Halloween is coming. Double, double, toil and trouble fire burn, and cauldron bubble – William Shakespeare. Nothing on earth is so beautiful as the final haul on Halloween night. Let’s light some candles, grab yourself a warm blanket, and get ready for the scariest night of the year…
Halloween or Hallowe’en (a contraction of “All Hallows’ evening”), also known as Allhalloween, All Hallows’ Eve, or All Saints’ Eve, is a celebration observed in many countries on 31st October, the eve of the Western Christian feast of All Hallows’ Day. It is said that many Halloween traditions may have been influenced by ancient Celtic harvest festivals, particularly the Gaelic festival Samhain, which may have had pagan roots; some scholars hold that Samhain may have been Christianized as All Hallow’s Day, along with its eve, by the early Church. Other academics believe, however, that Halloween began solely as a Christian holiday, being the vigil of All Hallow’s Day.
Halloween activities include trick-or-treating (or the related guising and souling), attending Halloween costume parties, carving pumpkins into jack-o’-lanterns, lighting bonfires, apple bobbing, divination games, playing pranks, visiting haunted attractions, telling scary stories, as well as watching horror films. However…, nothing better than a wonderful art books on the spooky and creepy.

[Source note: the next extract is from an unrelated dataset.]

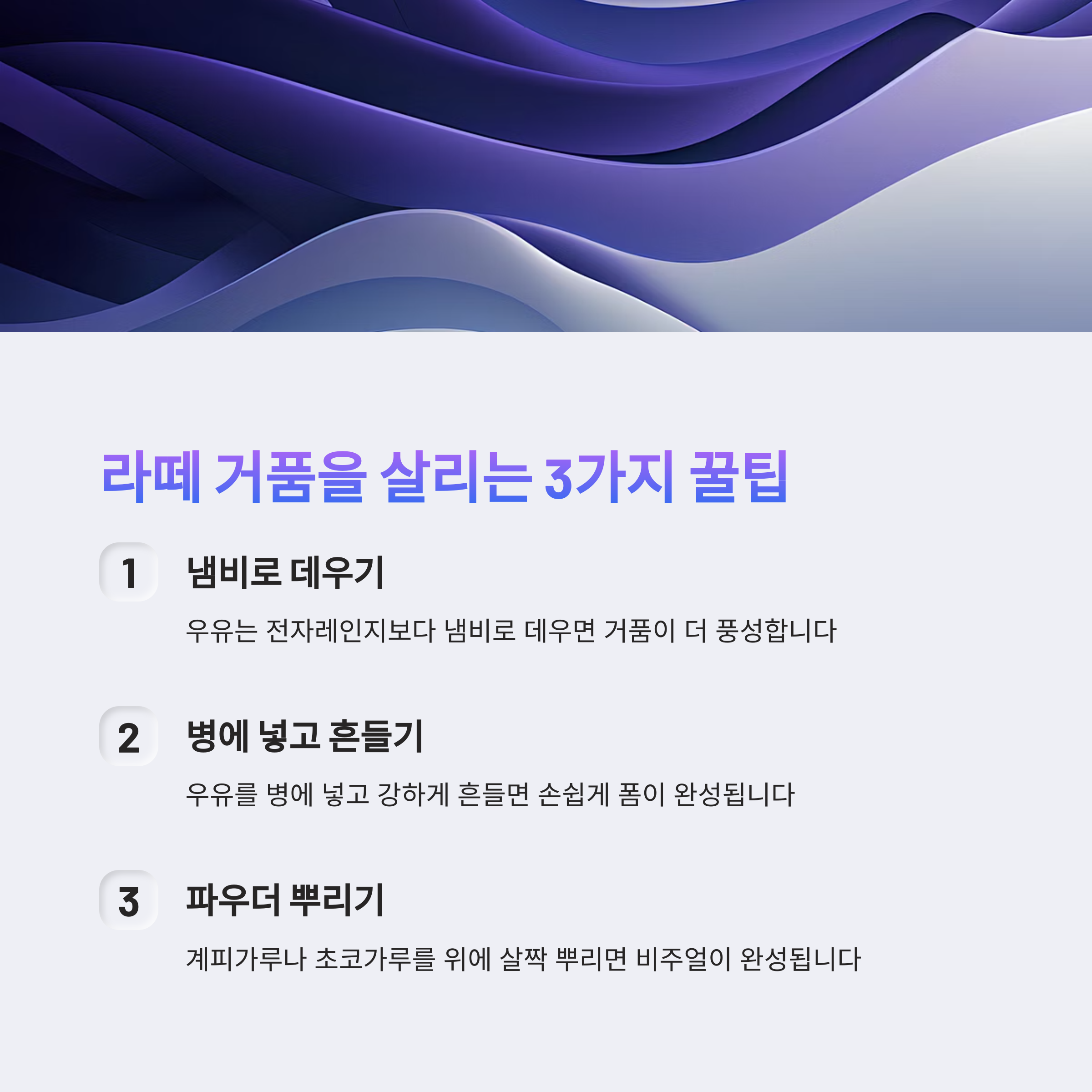 "거품만 잘 살려도, 홈카페의 느낌이 3배는 더 살아납니다."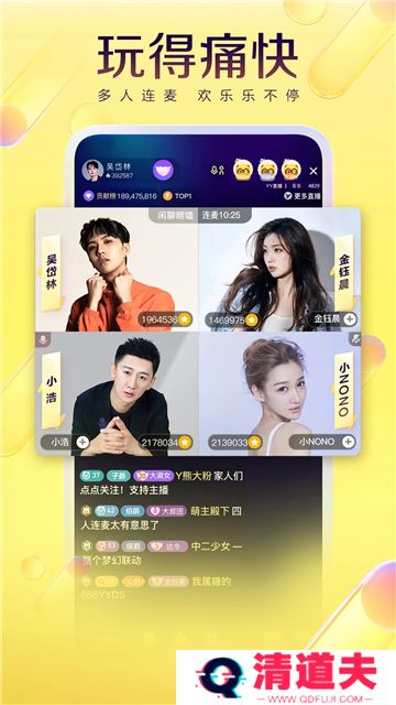 yy直播手机版最新版是一款非常好用的语音开黑直播软件,在这里用户可以看到超多美女网红和一线明星实时直播,各种整活视频、搞笑段子、趣味短剧任你滑动观看,还能加入连麦广场与喜欢的那个她亲密互动语音对话,以后玩游戏再也不用怕孤单了,喜欢的小伙伴快来下载yy直播手机版最新版试试吧。

Here are the books that keep you up at night:
Dracula by Elizabeth Miller
Within, stood a tall old man, clean shaven save for a long white moustache, and clad in black from head to foot, without a single speck of colour about him anywhere…
Transylvanian mystique and legendary hauntedness surround the most infamous Bram Stoker’s protagonists, forming a legacy that allows the myth to continue into modern times, maintaining a cultish following, yet broadening to a general fascination. Intrigued by evil and gore, Stoker developed a literary presence that was effortlessly translated to screen by the likes of Murnau, Bela Lugosi, Christopher Lee and Francis Ford Coppola. Dracula became such an obsession as it embodied a taboo subject matter: the desire for blood and sex.
This ideal book filled with extraordinary pictures of the Count, his literary companions, and the movie idols, this is a treasure only to be read by daylight!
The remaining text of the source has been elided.